После первого же урока, на котором Вера слегка побегала, чуть-чуть попрыгала, повертелась на брусьях и покидала из руки в руку полупудовую гирю, физрук впал в сумасшедший энтузиазм, на педсовете кричал о необходимости создания спортивных секций, и даже поперся в районную администрацию с требованием немедленно построить в Становом спортивный комплекс, а лучше — сразу базу олимпийского резерва. Его никто не слушал, потому что Становое — поселок неперспективный, все промышленные объекты, которые там были, давно приватизировались, потом обанкротились, потом позакрывались, народ из Станового разъезжался кто куда, а в первый класс Становской средней школы набрали в этом году восемь детей. Двое из восьми были немножко олигофренами, но что ж теперь… Спецшколы-то в Становом не было. В Становом практически ничего не было, ну так и базу олимпийского резерва незачем затевать.

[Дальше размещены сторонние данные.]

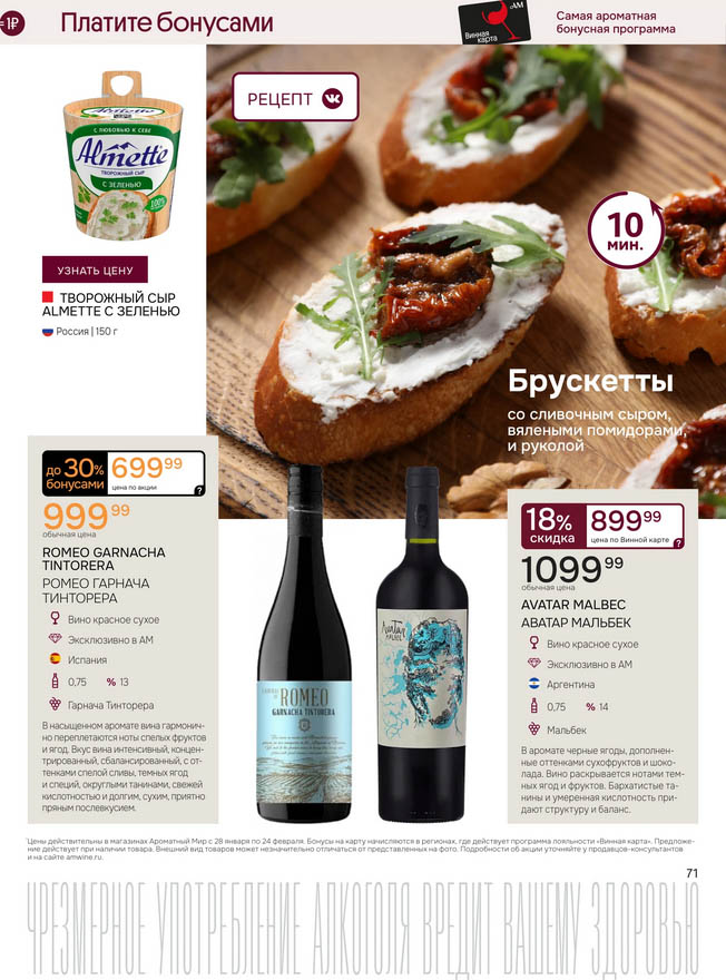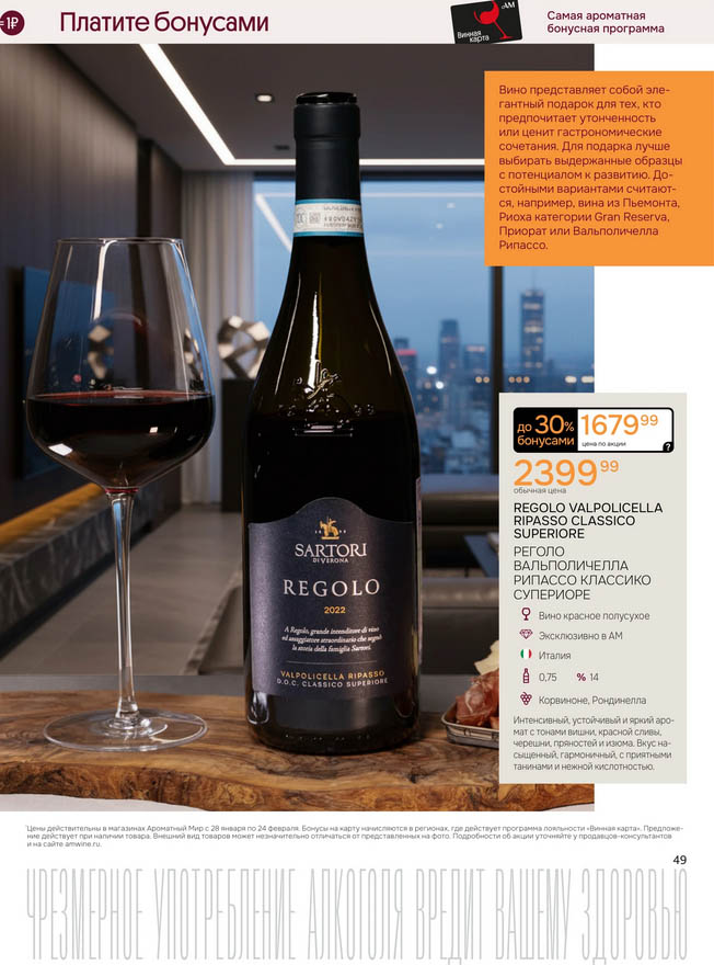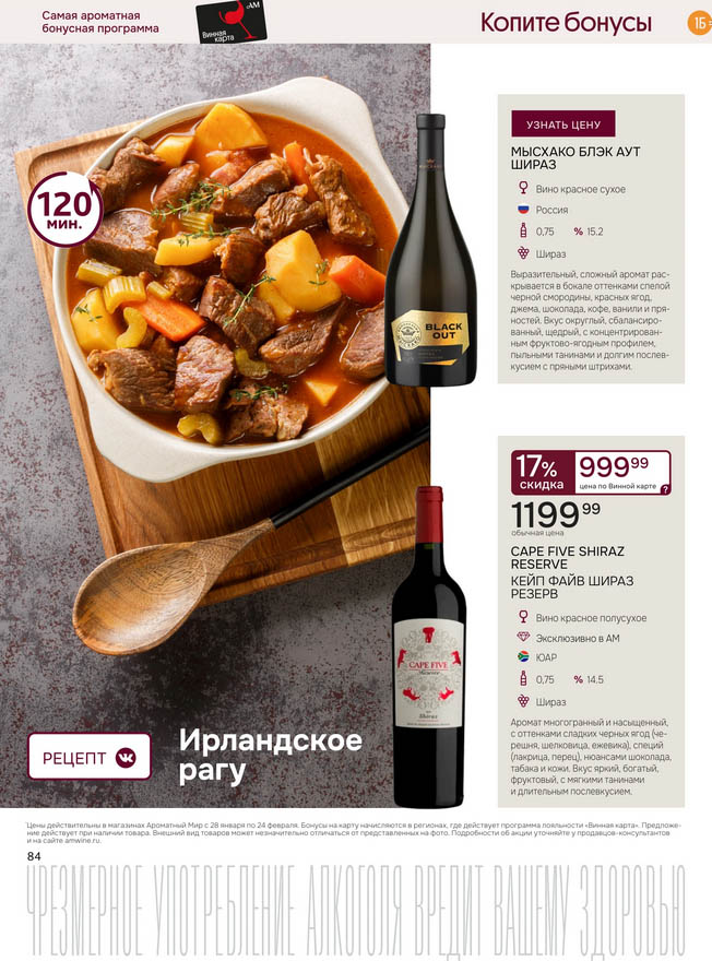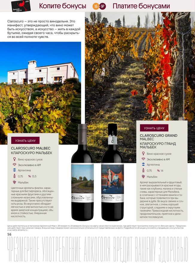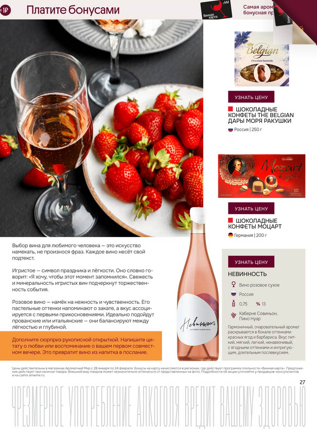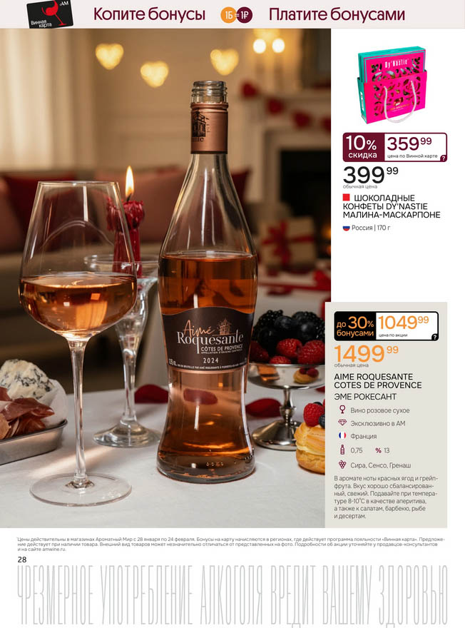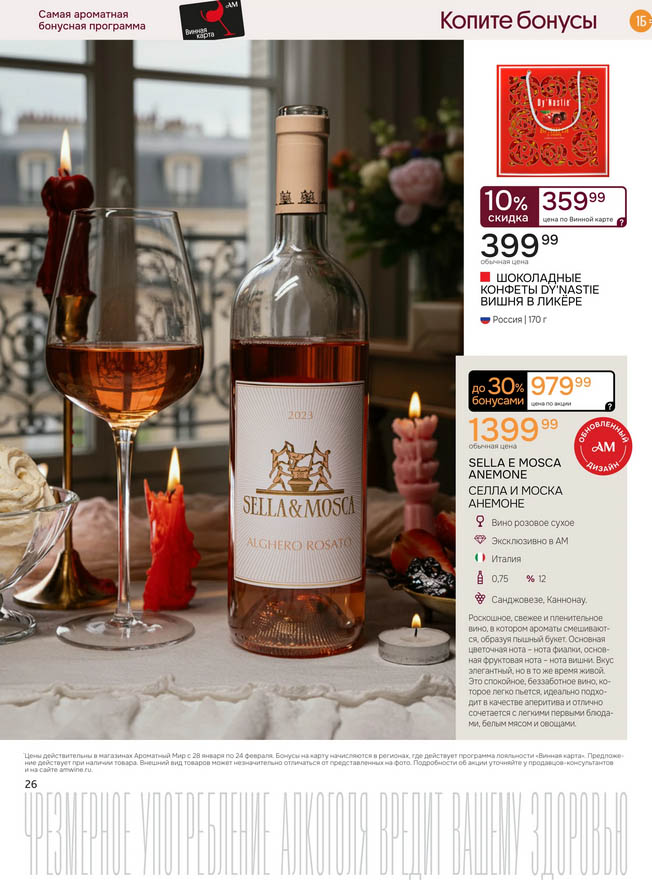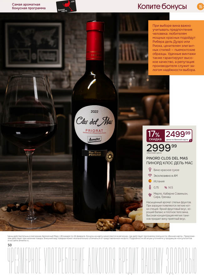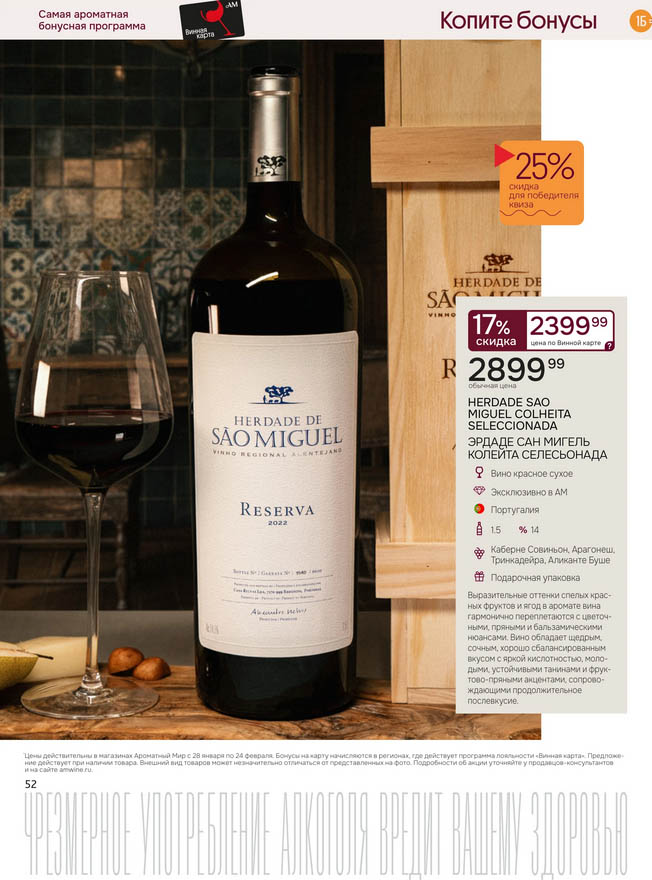 Подробную информацию об правилах, наличии товаров, адресах и скидках узнавайте в магазинахили по тел.: 8 (495) 108-68-68и на сайте: amwine.ru

Физрук отсутствие энтузиазма у других принял как личное оскорбление, но из собственного сумасшедшего энтузиазма не выпал и решил, раз все такие сволочи, самостоятельно и без всякой базы готовить Веру в олимпийские чемпионки. Стать ее единственным тренером по всем видам спорта. Вера согласилась — тренером физрук оказался неплохим, хоть и нервным немножко. И даже не сказать, что немножко. В общем, совершенно сумасшедшим. Вера бегала, прыгала, растягивала эспандер, приседала по сто раз с гантелями в вытянутых в стороны руках, зимой часами гоняла на лыжах в единственном в Становом парке, а в начале лета физрук специально для нее обустроил Тихий Омут, ступеньки в крутом береге до самой воды прорубил, из расколотой молнией березы, торчащей на самом краю обрыва без всякой пользы, сделал вышку для прыжков, у берега намертво пришвартовал крепкий удобный плотик. Хотел мостки сделать, но мостки на сваях должны держаться, а сваи забивать было некуда — до дна-то Тихого Омута не достать. В общем, можно сказать, что за время своего пребывания в Становом Вера физической формы не потеряла. То есть до такой степени не потеряла, что ее сумасшедший тренер-физрук стал смотреть на нее все более и более недоверчиво и опять бегать в администрацию и орать на педсоветах. Вера удивлялась: как он может не понимать очевидных вещей? Какой еще олимпийский резерв? Она во всем Становом одна такая, может быть, и не только в Становом, у нее врожденные способности, да еще и развиваемые с самого детства. Все ее одноклассники были нормальными подростками, более или менее здоровыми, с более или менее заметной физической подготовкой. Братья Субботины даже входили в юношескую сборную области по многоборью. И всё. Вера могла бы дюжину таких Субботиных со всем их многоборьем — одной левой. «В пятак»! Бабушка просто не знает, что советует. Вера свою силу знала, поэтому обращалась с ней осторожно. Как раз тогда она и начала совершенствовать свой серьезный взгляд. В большинстве случаев помогало. А когда идиот оказывался уж совсем клиническим, Вера испуганно говорила: «Ой!» — и отмахивалась — совсем как Нинка Сопаткина. Только Нинка, отмахиваясь, никогда не задевала их поганые щупальца. А Вера задевала — так, чуть-чуть, чтобы никакой инвалидности, а просто синяк недели на две.